Tags are an integral part of all modern sites and an indirect sign of the site’s belonging to the notorious Web-Two-Zero.
In the article I want to talk about the methods and algorithms for tagging information.
So, when organizing tags, there are several weaknesses and bottlenecks, namely:
- adding and changing the ownership of tags to the object.
- creating and changing tags themselves.
- display tags on the old girl.
- search by tags.
- assignment of tag aliases
- tag cloud building
Unfortunately, the universal algorithm that would easily solve all these problems is not familiar to the author. Further on the algorithms themselves.
The normal ratio is many-to-many.
There is a huge table with tags, there are huge tables with tagged information. The connection between them is carried out through a third table, which is obtained very large. So, if we have 50,000 articles, and 10,000 tags, provided that each article is on average associated with 4 tags, we get a table size of 200,000.
')
Pros:- no problem building tag clouds
- No problems with aliases.
- no problem creating and modifying tags
- no problem with “tag list”
Minuses:- adding and changing the ownership of tags to an object is difficult, since a separate INSERT or DELETE is required for each variable connection. Still need INSERT when creating a tag. If some tags are singular (which is often the case), then they will take over resources (by increasing the size of the tables), without bringing almost any practical use.
- retrieving and displaying tags requires a JOIN join of 3 huge tables. From the example above: the table in the 50000 join table 200000 join the table 10000. This will work slowly already with this data. Considering that it is really necessary to make another 2-3 large tables (for example, a user table and a rating table), it turns out not at all a rosy picture.

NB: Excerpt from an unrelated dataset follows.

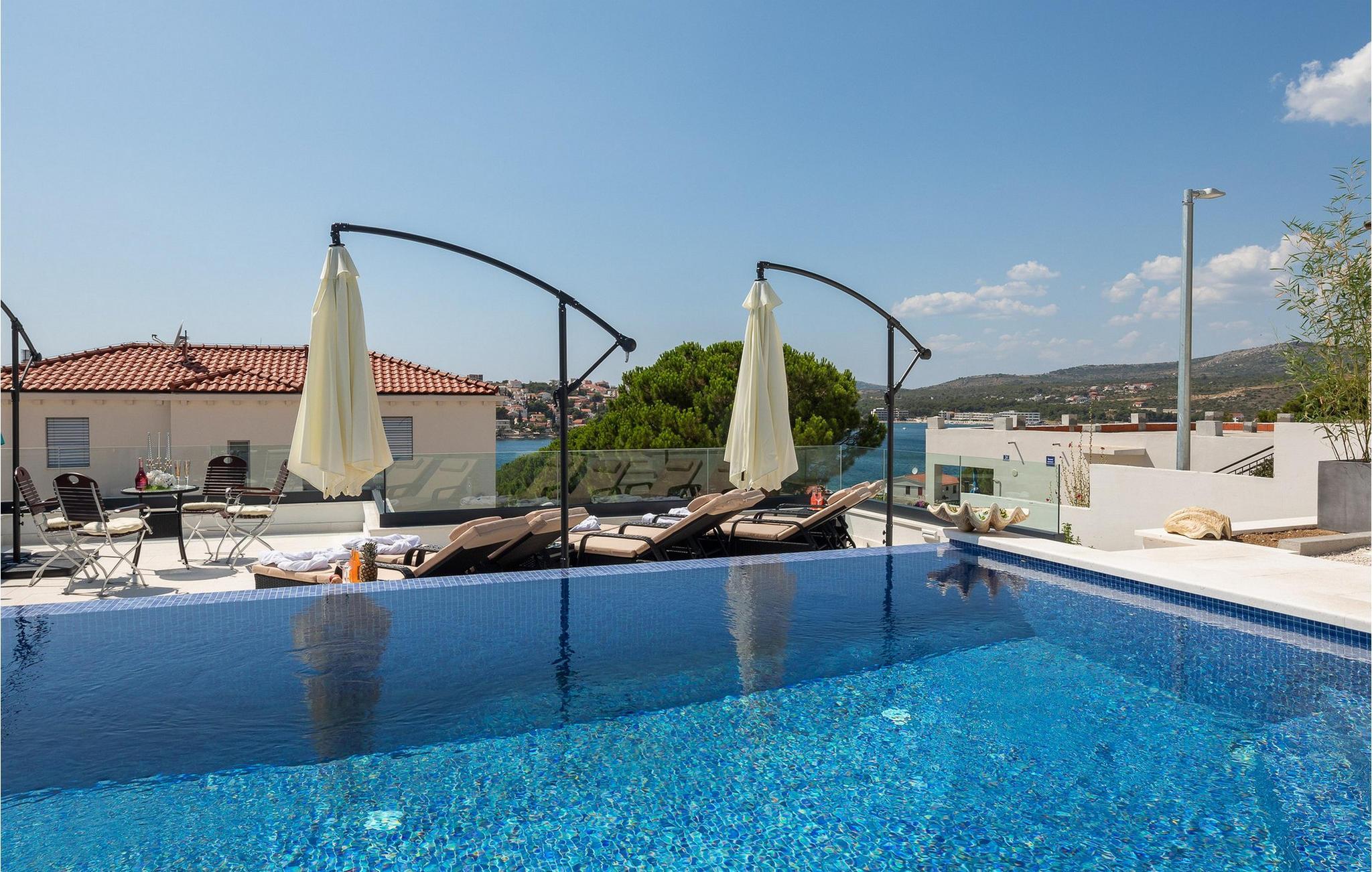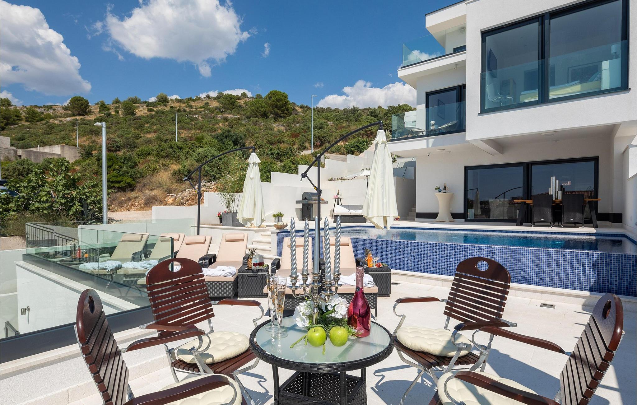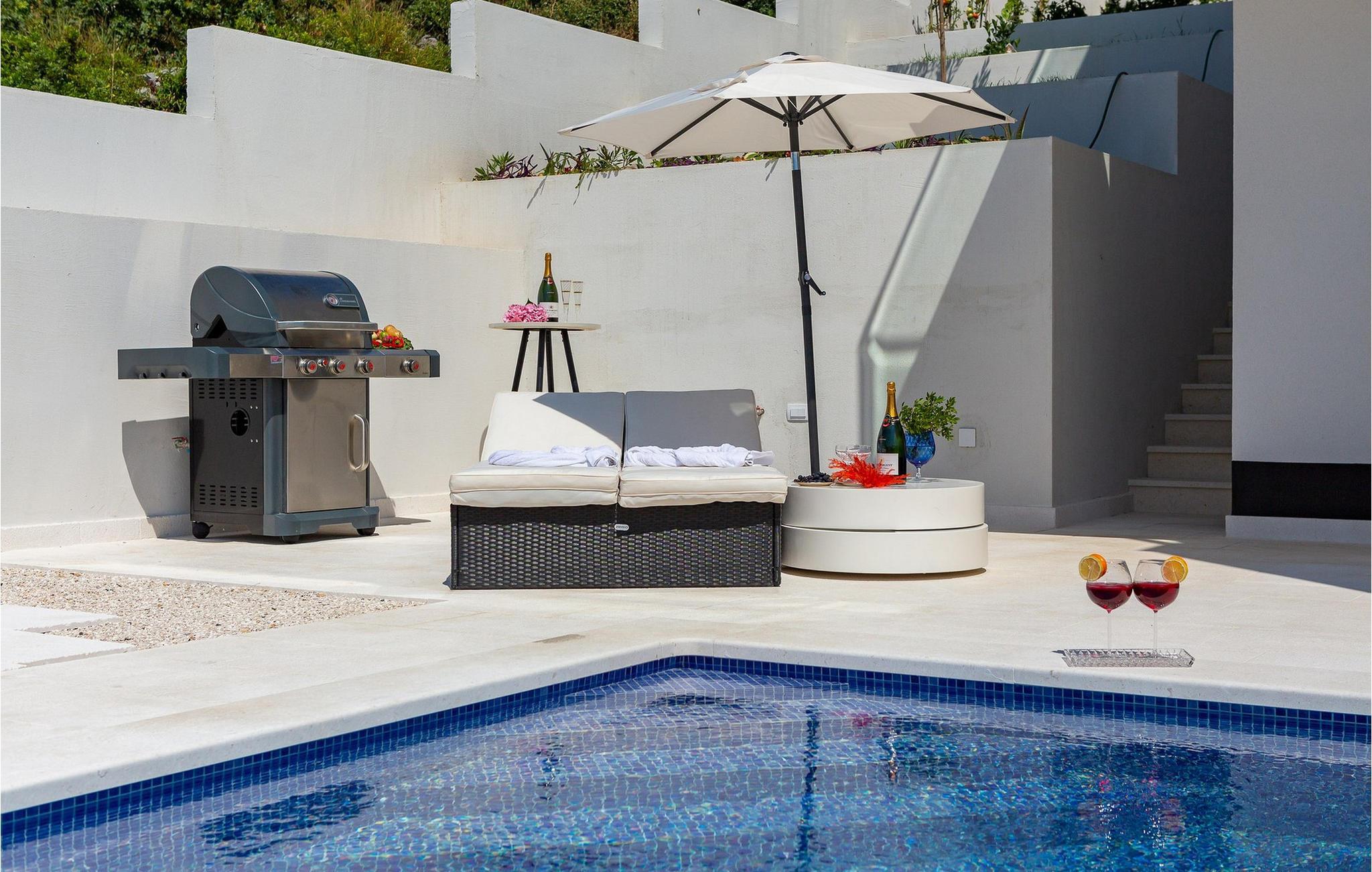 Genießen Sie einen Traumurlaub in diesem luxuriösen Ferienhaus mit Pool und wunderschönem Meerblick.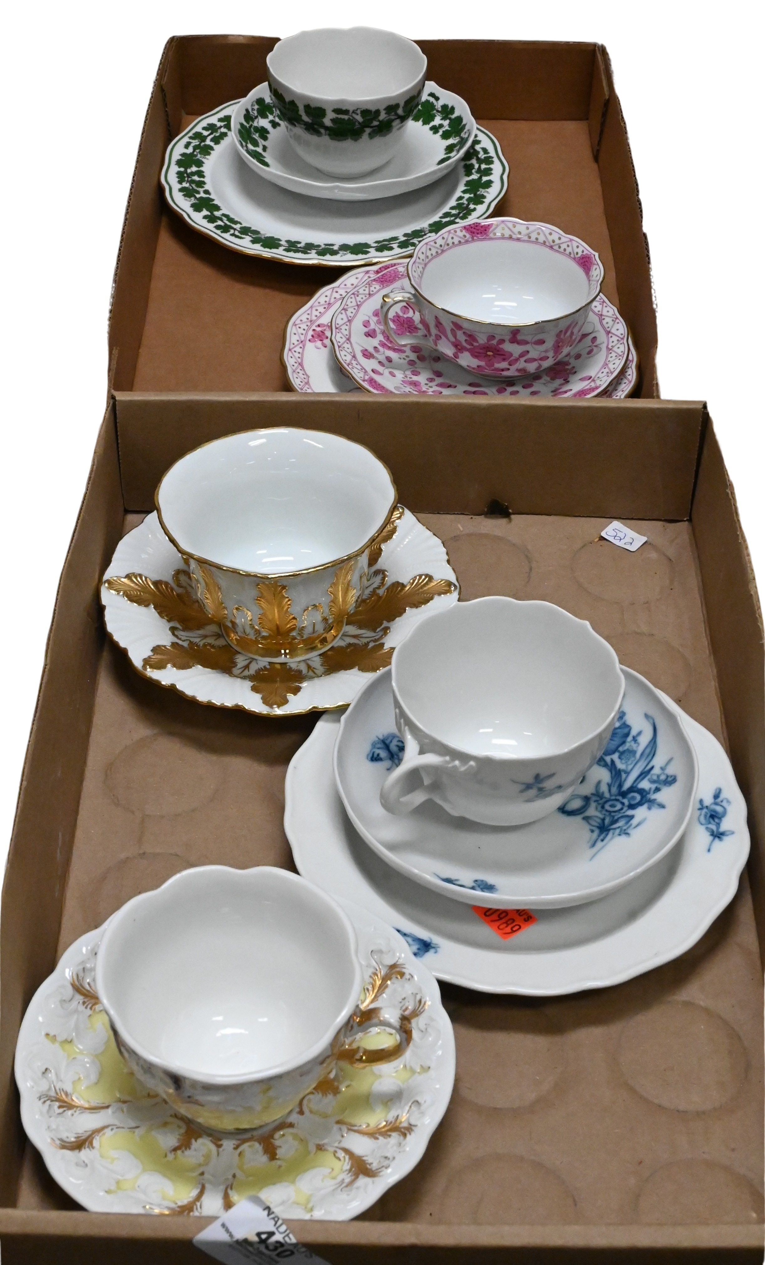 two pieces in “Acanthus”, three pieces in “Blue Onion”, three pieces in “Indian Pink”, one teacup, saucer and under plate in “Green Ivy”, along with one tea cup and saucer in white and yellow with gilt accents (heavy gilt loss)

Yes, I know that you can cache, but now is not about that.
- tag search again requires joining large tables
Using full-text search
The algorithm is given in my article
"Full-text search and its capabilities"Now how it is done directly in relation to the tags. In the field with the full-text index are the tags themselves, as they were written. Selection of objects occurs exclusively on this field. Based on the same field, the object's affiliation with tags is constructed. This means that if the tag is Russian, then the link to it should contain Russian letters. And with this there are problems, because they can be encoded using urlencode, and this depends on the encoding. Those. the same tag, depending on the encoding of the page, must be decoded differently. You can certainly use the transliteration of Russian words into English, and write them in the field along with Russian words. Then the tag will be displayed in Russian, and the link to it will be in Latin, and the search will also go in Latin. Bad exit, but exit.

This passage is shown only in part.